Now it is time to grasp the difference between events and delegates.
On the face of it, events and delegates look remarkably similar:
The key considerations are as follows:
Before you wrap up your look at events, it pays to be careful when using events, particularly those that are statically defined.
Whenever you add a subscriber's target method to a publisher's event, the publisher class will store a reference to your target method. When you have finished using a subscriber instance and it remains attached to a static publisher, it is possible that the memory used by your subscriber will not be cleared up.
These are often referred to as orphaned, phantom, or ghost events. To prevent this, always try to pair up each += call with a corresponding -= operator.
Note
Reactive Extensions (Rx) (https://github.com/dotnet/reactive) is a great library for leveraging and taming event-based and asynchronous programming using LINQ-style operators. Rx provides a way to time-shift, for example, buffering a very chatty event into manageable streams with just a few lines of code. What's more, Rx streams are very easy to unit test, allowing you to effectively take control of time.
Now read about the interesting topic of lambda expressions.
Throughout the previous sections, you have mainly used class-level methods as targets for your delegates and events, such as the ClockTicked and ClockWakeUp methods, that were also used in Exercise 3.05:
clock.Ticked += ClockTicked;
clock.WakeUp += ClockWakeUp;
static void ClockTicked(object sender, DateTime e)
=> Console.Write($"{e:t}...");
static void ClockWakeUp(object sender, EventArgs e)
{
Console.WriteLine("Wake up");
}
The ClockWakeUp and ClockTicked methods are easy to follow and step through. However, by converting them into lambda expression syntax, you can have a more succinct syntax and closer proximity to where they are in code.
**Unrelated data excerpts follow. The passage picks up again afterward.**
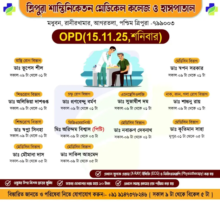 সাধারণ মানুষকে সুলভে সুচিকিৎসা পৌঁছে দিতে প্রতিশ্রুতিবদ্ধ ত্রিপুরা শান্তিনিকেতন মেডিকেল কলেজ ও হাসপাতাল। আগামীকাল অর্থাৎ শনিবার (১৫/১১/২০২৫) ১০টাকার বহির্বিভাগে (OPD) যে সমস্ত অভিজ্ঞ চিকিৎসকেরা পরিষেবা দেবে।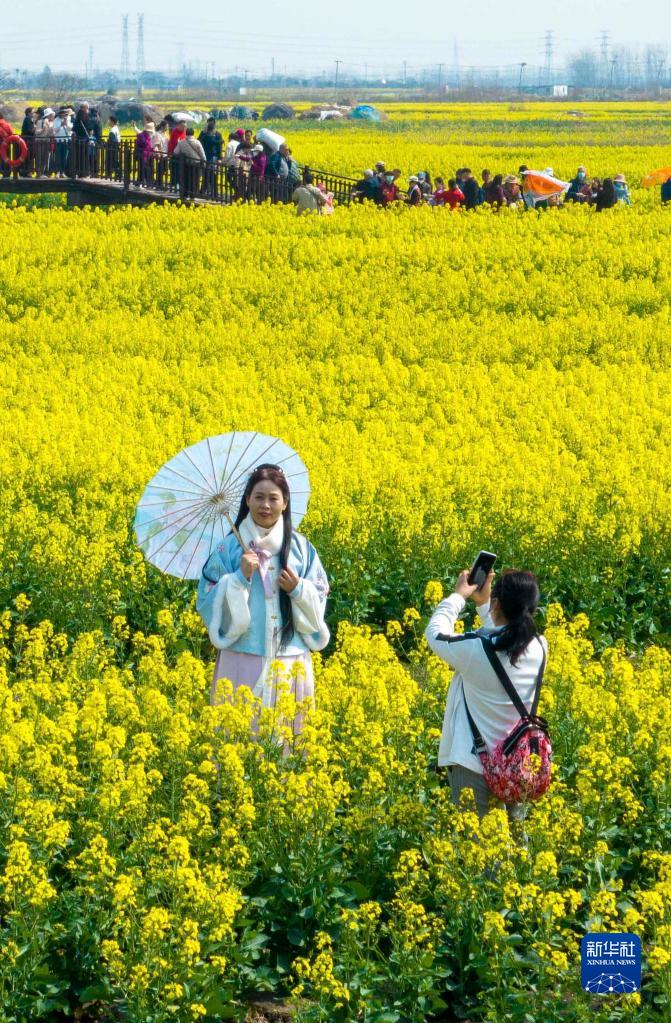 3月19日,游客在江蘇興化千垛菜花風景區(qū)賞花拍照(無人機照片)。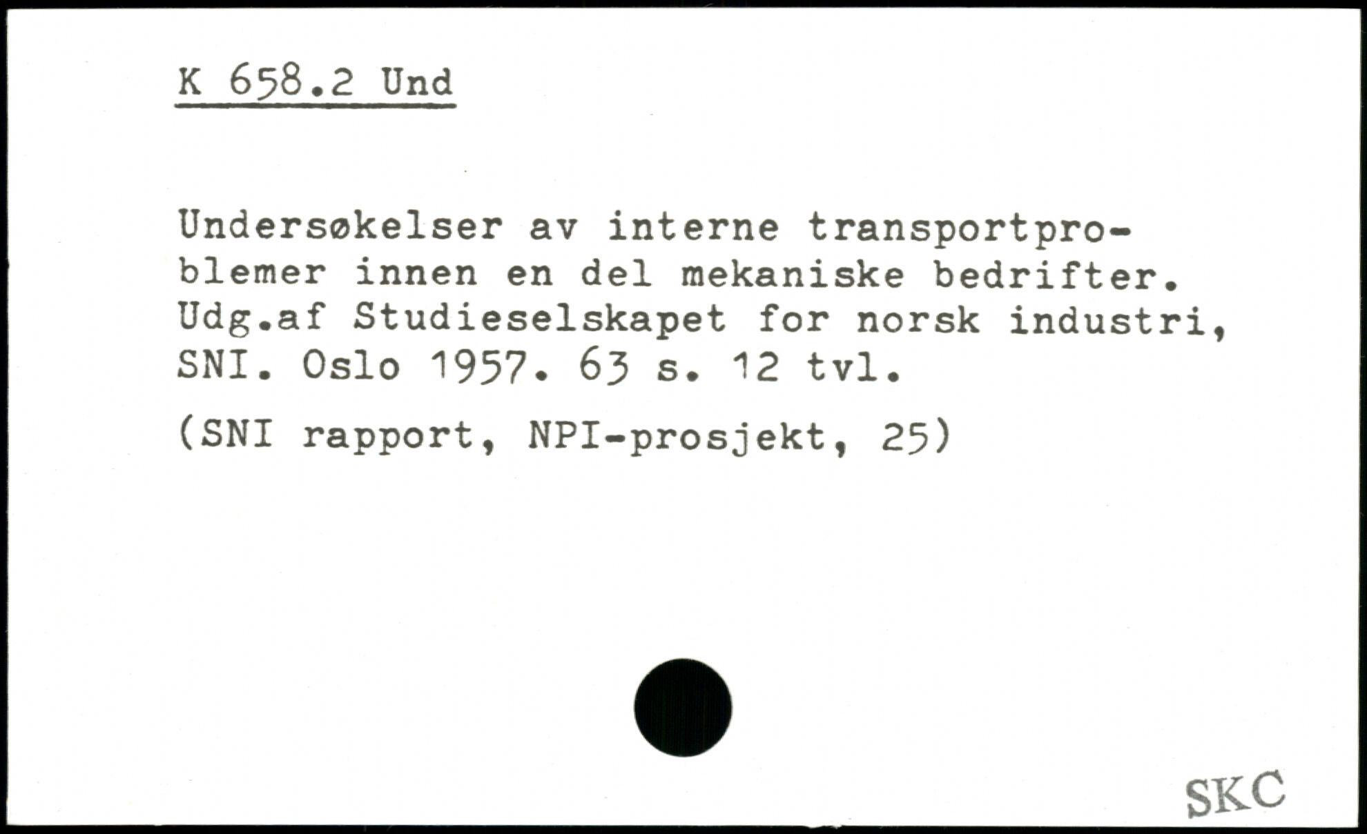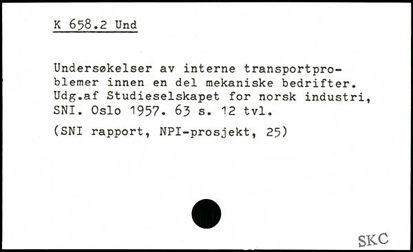 Undersøkeiser av interne transportproblemer innen en del mekaniske bedrifter. Udg.af Studieselskapet for norsk industri, SNI. Oslo 1957.

Now convert the Ticked and WakeUp events to use two different lambda expressions:
clock.Ticked += (sender, e) =>
{
Console.Write($"{e:t}...");
};
clock.WakeUp += (sender, e) =>
{
Console.WriteLine();
Console.WriteLine("Wake up");
};
You have used the same += operator, but instead of method names, you see (sender, e) => and identical blocks of code, as seen in ClockTicked and ClockWakeUp.
When defining a lambda expression, you can pass any parameters within parentheses, (), followed by => (this is often read as goes to), and then by your expression/statement block:
(parameters) => expression-or-block
The code block can be as complex as you need and can return a value if it is a Func-based delegate.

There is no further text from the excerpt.